Let's start with removing the image that takes too much disk space:
$ docker rmi myubuntu
Error response from daemon: conflict: unable to remove repository reference "myubuntu" (must force) - container 292d1e8d5103 is using its referenced image 50928f386c70
Docker complains that there are containers using this image. How is this possible? As mentioned previously docker keeps track of all containers, even those that have stopped and won't allow deleting images used by existing containers, running or not:
$ docker ps -a
CONTAINER ID IMAGE COMMAND CREATED STATUS PORTS NAMES
292d1e8d5103 myubuntu "curl https://google." 5 minutes ago Exited (0) 5 minutes ago cranky_lalande
f79c361a24f9 440a0da6d69e "/bin/sh -c curl" 5 minutes ago Exited (2) 5 minutes ago nauseous_sinoussi
01825fd28a50 440a0da6d69e "/bin/sh -c curl --he" 6 minutes ago Exited (2) 5 minutes ago high_davinci
95ffb2131c89 440a0da6d69e "/bin/sh -c curl http" 6 minutes ago Exited (2) 6 minutes ago lonely_sinoussi
We can now delete the container:
$ docker rm 292d1e8d5103
292d1e8d5103
and the image:
$ docker rmi myubuntu
Untagged: myubuntu:latest
Deleted: sha256:50928f386c704610fb16d3ca971904f3150f3702db962a4770958b8bedd9759b
docker tag
helps us to tag images.
We have quite a lot of versions of hello
built, but latest still points to the old v1
.
$ docker images | grep hello
hello v7 d0ec3cfed6f7 33 minutes ago 1.11 MB
hello v6 db7c6f36cba1 42 minutes ago 1.11 MB
hello v5 1fbecb029c8e About an hour ago 1.11 MB
hello v4 ddb5bc88ebf9 About an hour ago 1.11 MB
hello v3 eb07be15b16a About an hour ago 1.11 MB
hello v2 195aa31a5e4d 3 hours ago 1.11 MB
hello latest 47060b048841 3 hours ago 1.11 MB
Let's change that by re-tagging latest
to v7
:
$ docker tag hello:v7 hello:latest
$ docker images | grep hello
hello latest d0ec3cfed6f7 38 minutes ago 1.11 MB
hello v7 d0ec3cfed6f7 38 minutes ago 1.11 MB
hello v6 db7c6f36cba1 47 minutes ago 1.11 MB
hello v5 1fbecb029c8e About an hour ago 1.11 MB
hello v4 ddb5bc88ebf9 About an hour ago 1.11 MB
hello v3 eb07be15b16a About an hour ago 1.11 MB
hello v2 195aa31a5e4d 3 hours ago 1.11 MB
Both v7
and latest
point to the same image ID d0ec3cfed6f7
.
Images are distributed with a special service - docker registry
.
Let us spin up a local registry:
$ docker run --rm -p 5000:5000 --name registry -d registry:2
docker push
is used to publish images to registries.
To instruct where we want to publish, we need to prepend registry address to image name:
$ docker tag hello:v7 127.0.0.1:5000/hello:v7
$ docker push 127.0.0.1:5000/hello:v7
docker push
pushed the image to our "remote" registry.

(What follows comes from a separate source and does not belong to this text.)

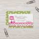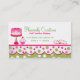 Pretty bakery business card done with graphic artwork of a whimsical pink, green, and white polka dot scalloped edge, on the bottom of the card. Graphics of a cake on a whimsical cake stand, a lone cupcake, and iced cookies decorate this adorable bakery business card. Text in pink and green is fully customisable to suit your business needs. Personalise the text for your bakery business. Great for at home bakers too.

We can now download the image using the docker pull
command:
$ docker pull 127.0.0.1:5000/hello:v7
v7: Pulling from hello
Digest: sha256:c472a7ec8ab2b0db8d0839043b24dbda75ca6fa8816cfb6a58e7aaf3714a1423
Status: Image is up to date for 127.0.0.1:5000/hello:v7
We have learned how to start, build and publish containers and learned the containers building blocks. However, there is much more to learn. Just check out the official docker documentation!.
Thanks to the Docker team for such an amazing product!